168 S.W. 979, 1914 Tex. App. LEXIS 1049
CourtCourt of Appeals of Texas
DecidedJune 27, 1914
DocketNo. 7193.
StatusPublished
Cited by2 cases

This text of 168 S.W. 979 (Missouri, K. & T. Ry. Co. of Texas v. Killett) is published on Counsel Stack Legal Research, covering Court of Appeals of Texas primary law. Counsel Stack provides free access to over 12 million legal documents including statutes, case law, regulations, and constitutions.

Bluebook
Missouri, K. & T. Ry. Co. of Texas v. Killett, 168 S.W. 979, 1914 Tex. App. LEXIS 1049 (Tex. Ct. App. 1914).

Opinion

TALBOT, J.

Appellee sued appellant to recover damages for personal injuries alleged to have been received by his wife on the 8th day of March, 1913, while, as a passenger, she was alighting from one of the appellant’s trains.

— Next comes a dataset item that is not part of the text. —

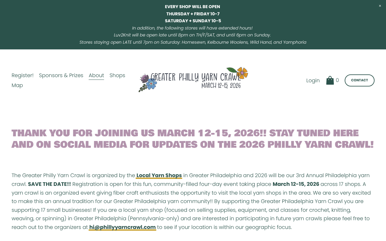 The Greater Philly Yarn Crawl connects 17 yarn shops across the Greater Philadelphia area over four days. You get a free shop-specific pattern at every stop, so even a partial crawl builds up a nice collection. A tiered prize structure scales with how many shops you visit, from four stops up to all seventeen, and each shop runs its own giveaway on top of that. Five percent of registration fees go to PA Fibershed, a nonprofit working to rebuild Pennsylvania's local textile economy by connecting the state's farmers, mills, dyers, and makers. The pattern-at-every-shop model means you're coming home with something from each visit whether you win a prize or not.
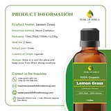 100% Organic and Sustainable: Our lemongrass oil is derived from organically grown lemongrass plants cultivated in our pristine farms. We prioritize sustainable farming methods, free from pesticides and harmful chemicals, ensuring the highest quality and purity of our oil.

It is charged that while plaintiff’s wife was in the act of stepping from the bottom step of the platform of the car to a "small box or stool placed near the bottom of the steps for the passengers to step on in getting off the train the train gave a sudden jerk, and, in placing her foot on the box, the box turned, throwing her forward with great violence and down onto the ground with her other foot and against her traveling companion, greatly bruising and injuring her.” The grounds of negligence alleged are the moving of the train with a sudden jerk, and that the ground on which the box or stool was placed was rough and uneven. It is alleged that plaintiff’s wife was, at the time injured, labout three months advanced in pregnancy, and that, as a direct and proximate result of the jar and injuries received, premature labor pains were brought on, causing her to miscarry and lose her child. The defendant answered by general denial, by plea of contributory negligence, and by a special plea that the ills from which plaintiff’s wife might be suffering were not caused by any accident in connection with her leaving the train at the time alleged, but that such injuries were brought about and caused by other agencies. The case was tried before a jury, and the trial resulted in a verdict and judgment in favor of the plaintiff for the sum of $900, and the defendant appealed.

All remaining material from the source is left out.